Facilitating a default

Economist
June 30, 2011

The biggest private Greek creditors are now in the bag. Days after the circulation of a plan drafted by French banks to roll over much of the Greek debt that they hold, German banks said that they would do much the same. No details are available, largely because they have yet to be thrashed out, but Joseph Ackermann, the boss of Deutsche Bank, and Wolfgang Schäuble, Germany's finance minister, said that they had agreed in principle that €3.2 billion ($4.6 billion) would be rolled over.

Exactly what will be done is still a bit of a mystery to both the banks and German politicians. This is because the plan that must emerge by Sunday will, like the existing French plan, probably be a fiendish construct designed by lawyers and accountants to deliver some relief to Greece without triggering a declaration by credit-rating agencies that the country is in default. Even if the details are fuzzy, the broad parameters of it seem clear. People close to the talks say that German banks (like their French counterparts) insist that they will only agree to a deal which, in accounting terms, does not force them to write down the value of the Greek bonds they hold.
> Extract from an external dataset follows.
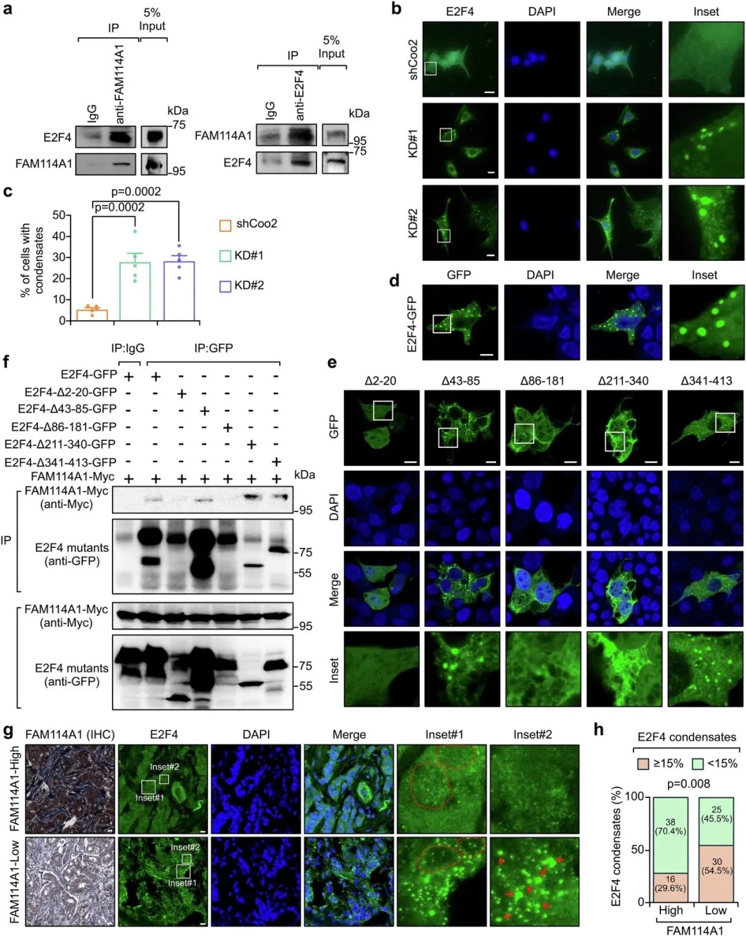 另一方面,研究发现了FAM114A1一个的全新功能——调控蛋白质液-液相分离。FAM114A1与转录因子E2F4结合,阻止其形成液-液相分离凝聚体。液-液相分离是生物大分子通过弱多价相互作用形成无膜细胞器的过程,在基因调控中发挥重要作用。E2F4凝聚体的破坏促进了其核转位,增强了其对Metadherin(MTDH)的转录激活。而MTDH正是一种已知的免疫抑制分子,能够抑制肿瘤抗原呈递。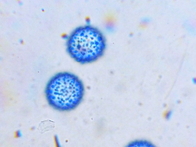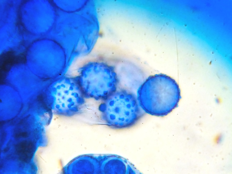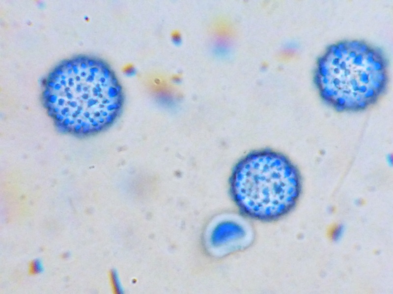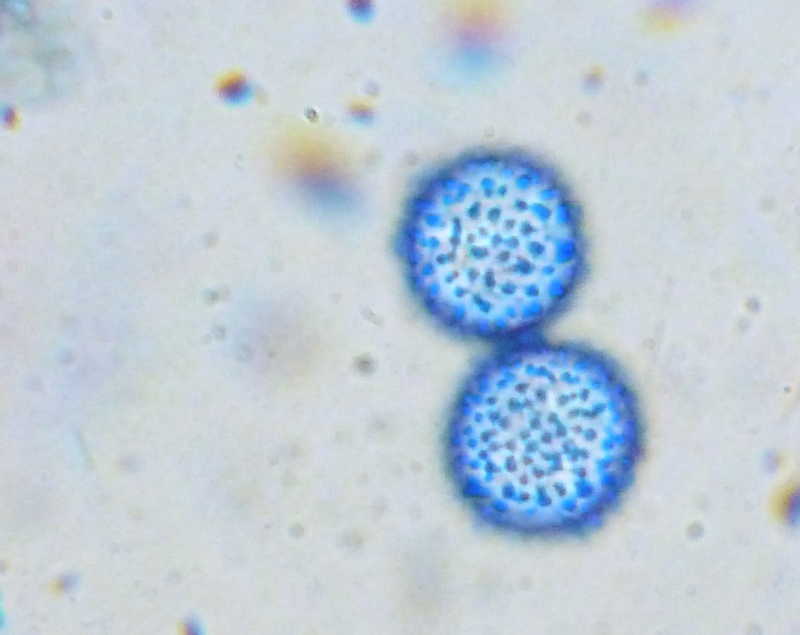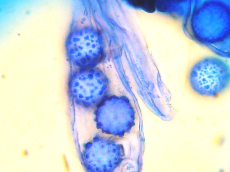 Es wird spannender. Aus zwei Gründen. Zum einen besaßen die Haare unter dem Mikroskop eine völlig andere Farbe. Das Rot war viel dunkler, fast ins Weinrot reichend. Die Wurzeln multifurcat. Zudem waren die Sporen deutlich schwächer ornamentiert und deutlich schmaler.

Thus the German plan is likely to follow the broad outlines of the French one, with Greece borrowing more than it needs and setting some aside by buying safe collateral that could be used to repay banks part of their money if the country defaults. The interest rate that Greece has to pay will probably also be similar to the 5.5-8% proposed under the French plan, although in cash terms Greece would be paying a higher rate for the duration of the rollover because it would also be paying interest on money set aside as collateral.